The most interesting relevant phenomenon since then concerns this brief video, originally posted at YouTube, in which teenager Madeleine McAulay expressed her differences with the president's "evolution," and in a most eloquent manner. The video was an instant sensation, recording over 20,000 playings in a single day...before YouTube banned it as "hate speech."

I exhort all Gentle Readers to watch the video and scrutinize it for the least iota of "hate speech." Then reflect on the sort of fear that animates YouTube's management, and what propels it. For it is well documented that a posted video only attracts YouTube's wrath when the item in question expresses a conservative or traditionalist opinion.

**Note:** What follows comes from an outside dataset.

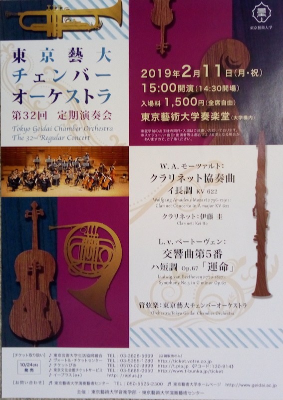 モーツァルトのクラリネット協奏曲。クラリネット演奏は東京芸大の准教授伊藤圭氏。N饗の主席クラリネット奏者でもある。

Miss McAulay's opinions are founded on her understanding of the Bible. If I had to take a wild, swinging guess, she might have had this passage from the Gospels in mind:

Now when Jesus finished these sayings, he left Galilee and went to the region of Judea beyond the Jordan River. Large crowds followed him, and he healed them there. Then some Pharisees came to him in order to test him. They asked, “Is it lawful to divorce a wife for any cause?” He answered, “Have you not read that from the beginning the Creator made them male and female, and said, ‘For this reason a man will leave his father and mother and will be united with his wife, and the two will become one flesh’? So they are no longer two, but one flesh. Therefore what God has joined together, let no one separate.” [Matthew 19:1-6]

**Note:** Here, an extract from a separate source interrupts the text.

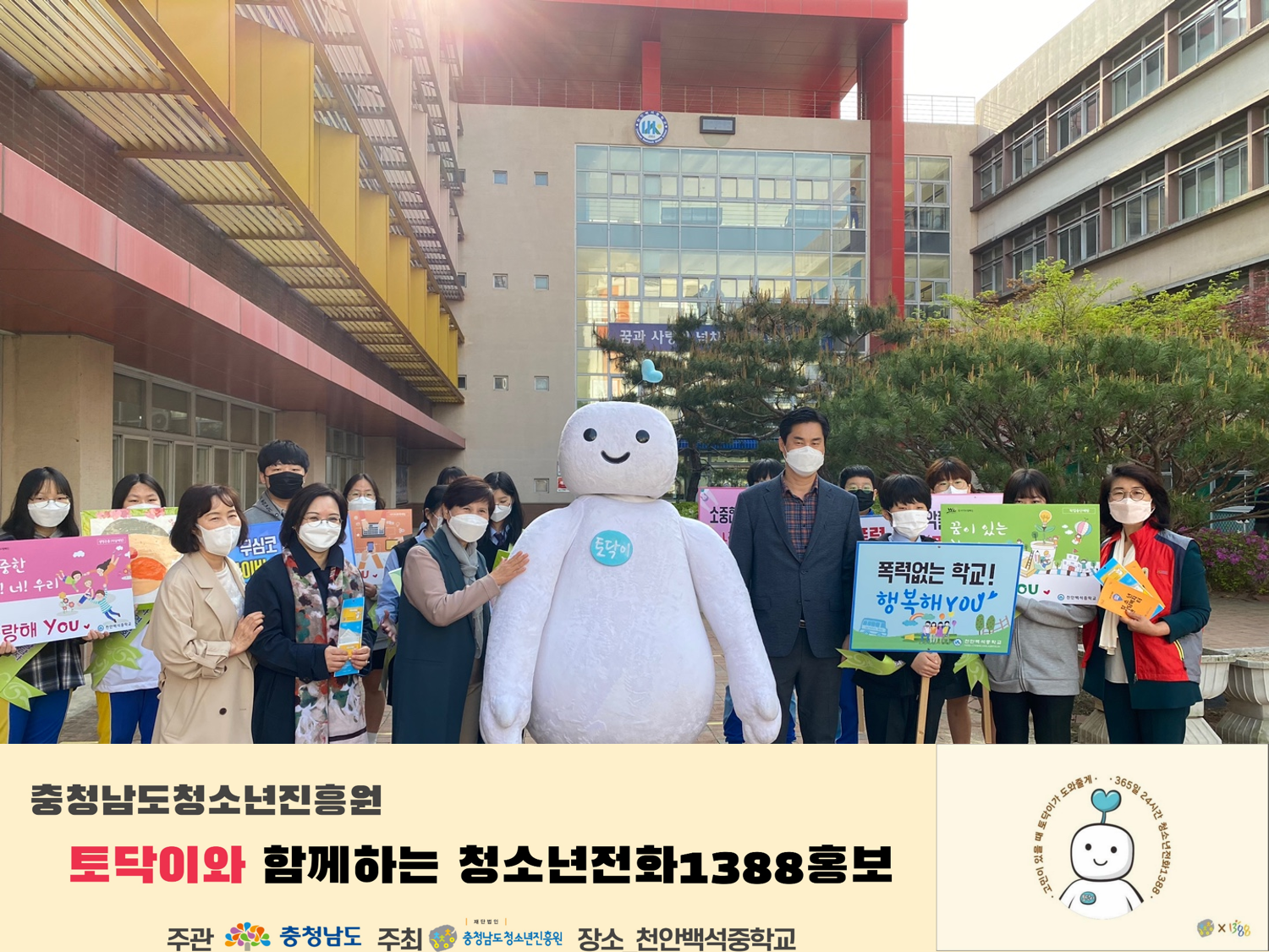 2021.4.21. 충남청소년진흥원_토닥이 채널 출범식 1662 | 최고관리자 | 2021-04-21 2021.4.21.(수) 천안백석중학교에 방문하여 학교폭력예방 또래상담자들과 충남청소년진흥원_토닥이 카카오톡 채널 출범식을 함께 하였습니다.

For a sincere Christian, certain of the authority of Christ, that settles the matter. But then again, there are Americans who aren't Christians or religionists of any sort, and these have asked for secular reasons why homosexual couples should not be allowed to marry on an equal basis with heterosexual couples. Inasmuch as the United States is Constitutionally a secular polity, and freedom of conscience is guaranteed by the First Amendment, the question is worth exploring.

***

First, let's be clear about the subject matter. Homosexual couples can "marry" in any state in the Union. They merely have to find a sect which performs such "marriages" and enlist its assistance. There are many such sects, including a few that call themselves Christian despite considerable divergences from the teachings of Jesus of Nazareth. The subject of controversy is whether state governments should "redefine" marriage as the union of any two persons minded to "marry" one another, and treat such "marriages" as equivalent to conventional heterosexual marriages.

The affirmative proposition rests on assumptions that aren't always clearly stated:

  • That governments have the authority to perform such a redefinition;
  • That marriage has no purposes of importance that would be cross-cut by such a redefinition.

(Any talk of a "right to marry" should be snorted away ab initio, contemptuously and with prejudice. There cannot be a "right" to do anything that requires the assent and cooperation of another person. Persons who fail to understand this are in serious need of remedial education. There are many such persons in America today; they call themselves "liberals" or "progressives," in further demonstration of their ignorance.)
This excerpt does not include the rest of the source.